Hi all,
After a conversation with rgdd, I was trying to understand what kind of temporal guarantees a Sigsum entry can provide. For instance, I need something akin (but slightly less strict) to a timestamping authority: something that can attest that a certain signature was included on a specific date, or at least definitely not afterwards.
This would allow me to enforce expirations over signed artifacts: if an artifact was included after a certain threshold (e.g., 30 days after signing), I could consider it expired, knowing that the corresponding signature couldn’t have been forward-dated.
A naive way to achieve this without Sigsum would be to submit the content to a timestamping authority (TSA), then include the TSA’s signed timestamp within the content to be signed. However, this approach introduces a single point of failure (a trusted third party) and adds unnecessary format complexity.

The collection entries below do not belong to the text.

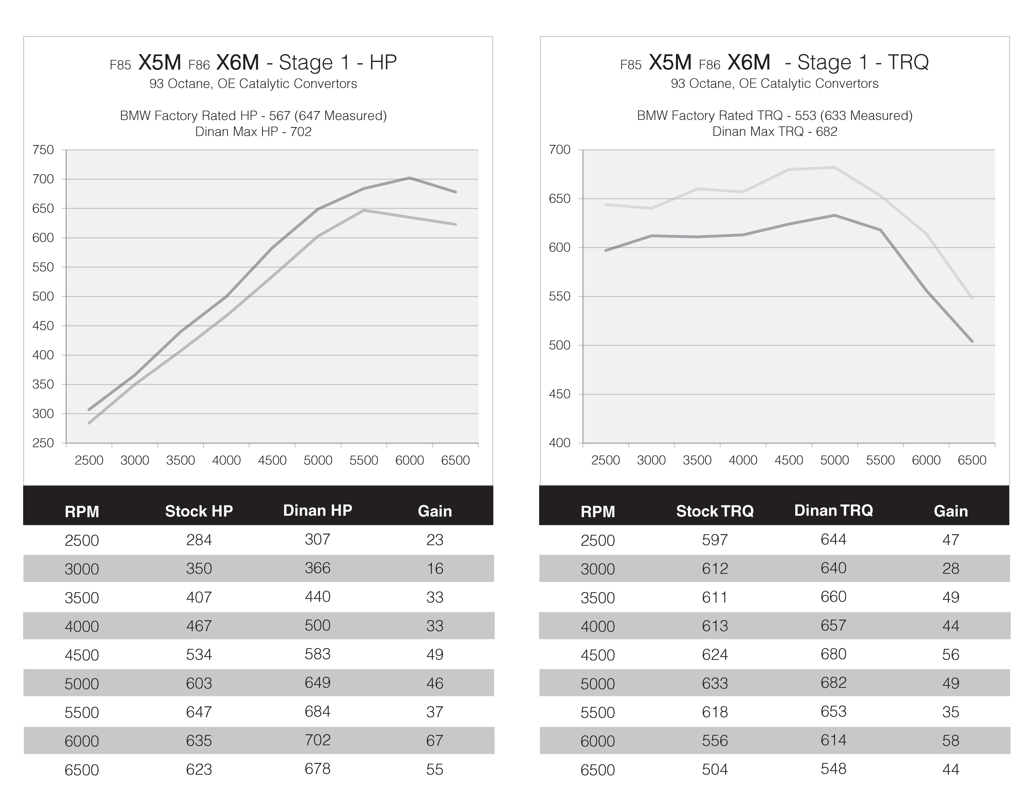 DINAN reveals their Stage 1 kit for the new BMW F85 X5 M and F86 X6 M which outputs 700 horsepower and 682 lb-ft torque from the standard 567 hp and 553 lb-ft torque.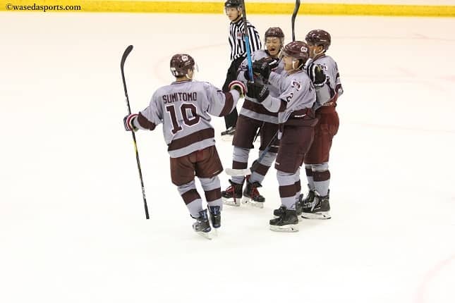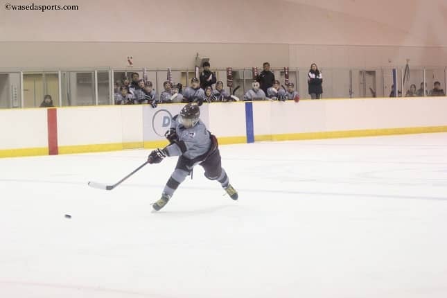 第1P(ピリオド)序盤こそ、日大のフォアチェックによりなかなか得点を奪えないが、14分53秒にFW杉本華唯(スポ2=北海道・駒大苫小牧)がようやく1点目を奪うとこれを皮切りに得点を重ねていく。徐々に早大が試合の流れをつかみ、杉本、FW澤出仁(スポ3=北海道・武修館)と好調の第1セットが続けてゴールを決める。第2PにはFW生江太樹(スポ3=北海道・釧路江南)がゴール前でしつこく攻め続け最後はパックを押し込むと、スコアは4-0。直後に日大に得点を許したものの、「2試合連続でゴールできたことは大きかった」というFW北村瑞基(商2=東京・早実)のゴールなどで、相手に反撃の余地を与えない。たくさんシュートを打ち、二次攻撃、三次攻撃につなげるという早大らしいプレーを見せ、第2Pが終わった時点でスコアは7-1、シュート数でも4倍以上の42-10と相手を圧倒する。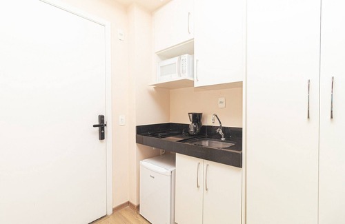 Complete accommodation for your stay, the space is modern, well used and decorated in gray and white colors with black marble sinks for you to stay in comfort and elegance on Turiassú street next to Allianz Parque, with minibar, induction stove, microwave , kitchen utensils, air conditioning, queen-size bed, wi-fi and television.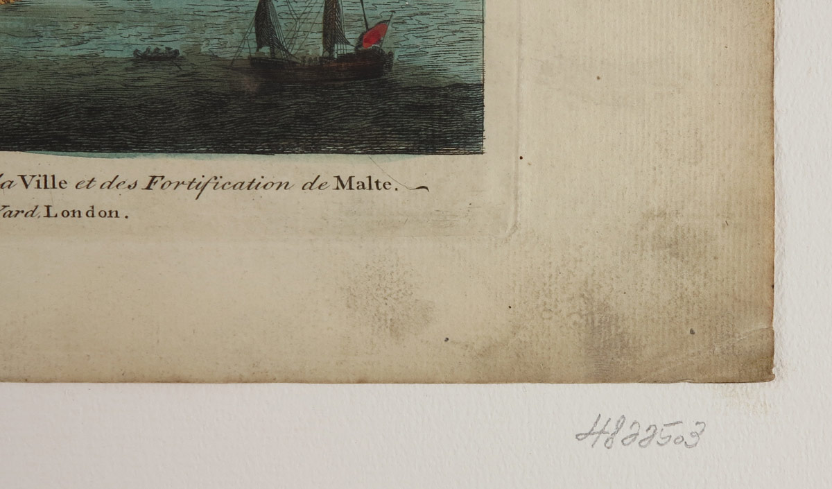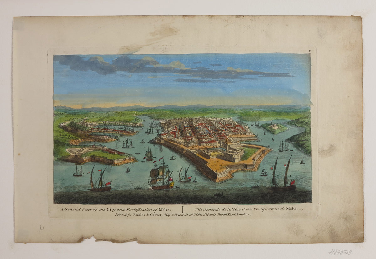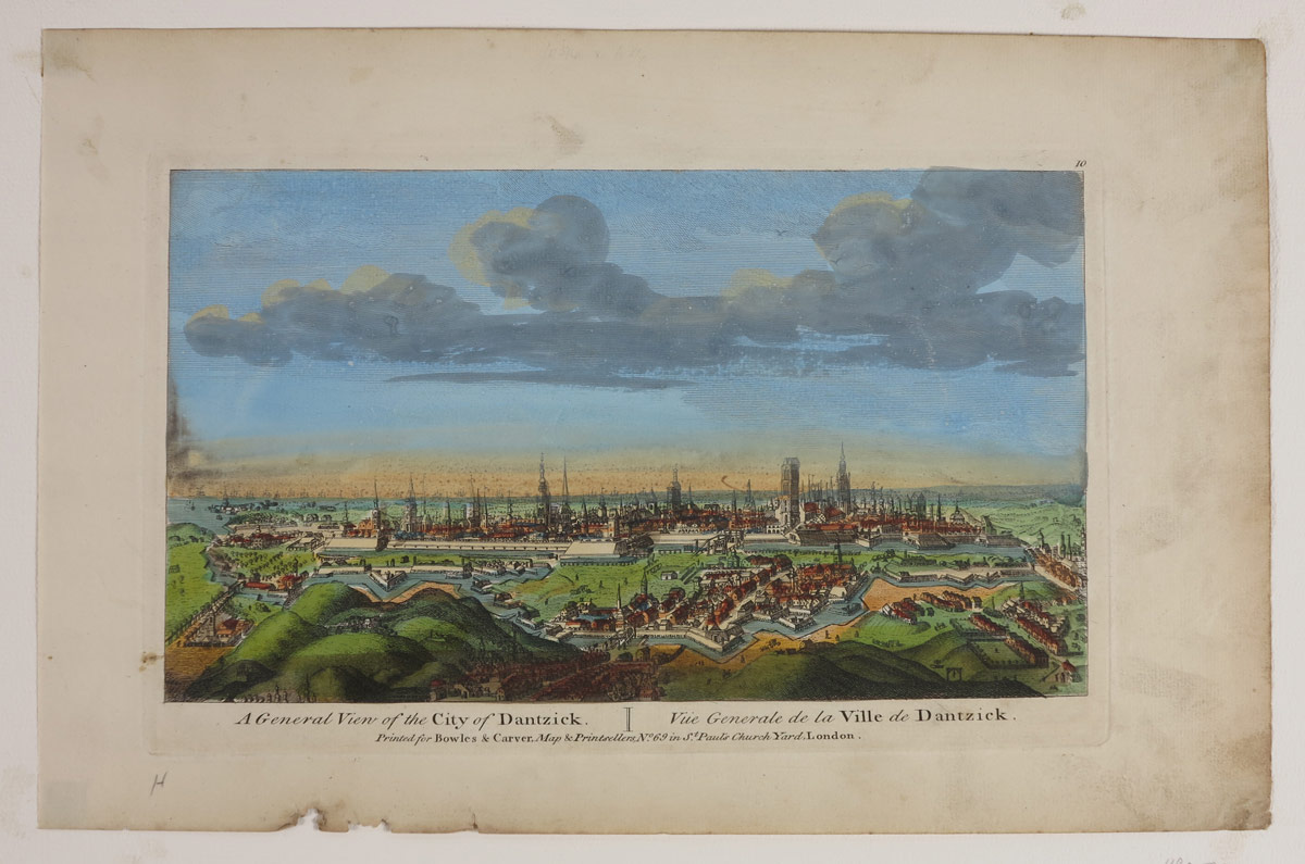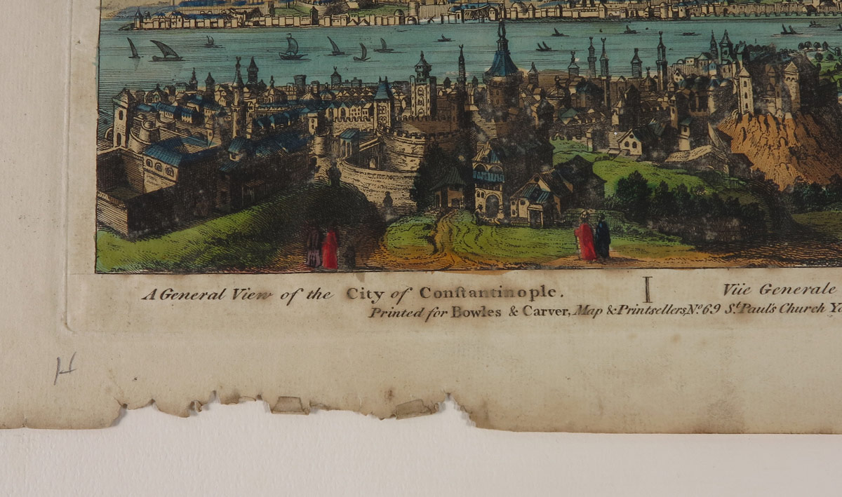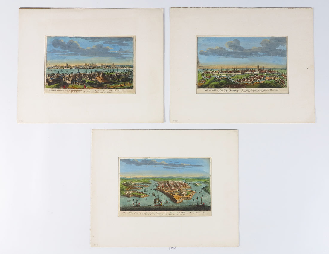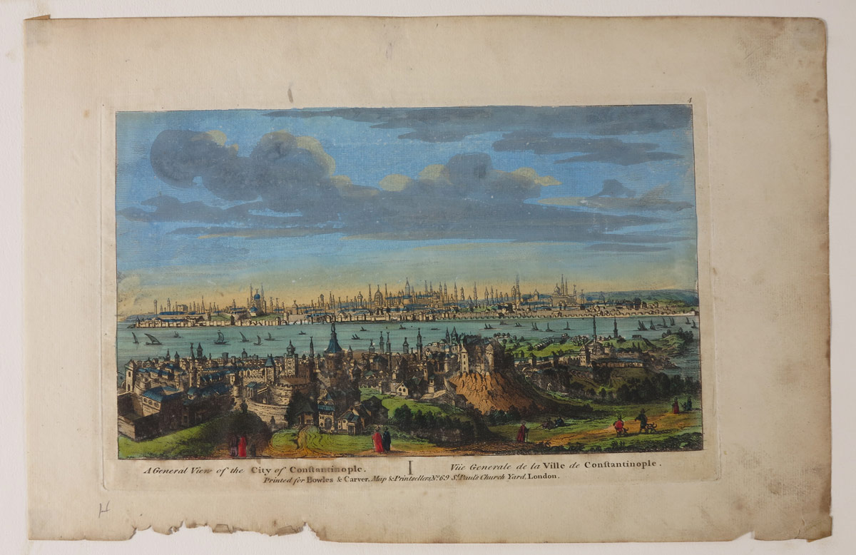 3 BOWLES & CARVER HAND TINTED CITY VIEW ENGRAVINGS: 3 pieces total to include 1) ''A General View of the City and Fortification of Malta'', impression 7'' x 11'', overall page 9'' x 14''. 2) ''A General View of the City of Dantzick'', impression 7'' x 11'', overall page 9'' x 14''. 3) ''A General View of the City of Constantinople, impression 6 3/4'' x 10 3/4'', page 9 1/8'' x 14''. All taped down on corners and matted. The firm of Bowles & Carver flourished in London from 1793 until 1832. Upon the death of Carington Bowles (1724-1793), his firm was taken over by his son Henry Carington Bowles (1763-1830). Bowles and (Samuel) Carver published prints and maps from old copper plates and disseminated them throughout the world. That they were targeting multinational markets is evident by the use of two or more languages in the text of the prints they chose to publish. The gracefulness of the lines on these landscapes shows a marked improvement on the primitive vues d'optique that were published in France and Germany in earlier decades. Overall measurement of each in mat 13 1/2'' x 16 7/8''.

Since inclusion proofs from a Sigsum server already include a cosigned checkpoint with a timestamp, I was wondering whether similar guarantees could be derived from these components. My concern is that if I simply trusted the timestamp in the checkpoint, the logic wouldn’t hold: anyone could request a new inclusion proof at a later time, which would include a newer checkpoint timestamp and an updated tree head.
One immutable element between proofs is the leaf index, which correlates monotonically with inclusion order, though not directly with wall-clock time.
A possible workaround would be to require proofs where the tree size in the checkpoint is at most N leaves ahead of the included leaf (say < 10), ensuring some temporal proximity between signing and inclusion. However, this approach would prevent me from obtaining new proofs for old signatures, for instance, after witness rotation, unless there was an archive of checkpoints (and the same for witnesses)?
Summarizing: is there a way to use the Sigsum log server and the witnesses to attest that an inclusion happened at a specific timestamp?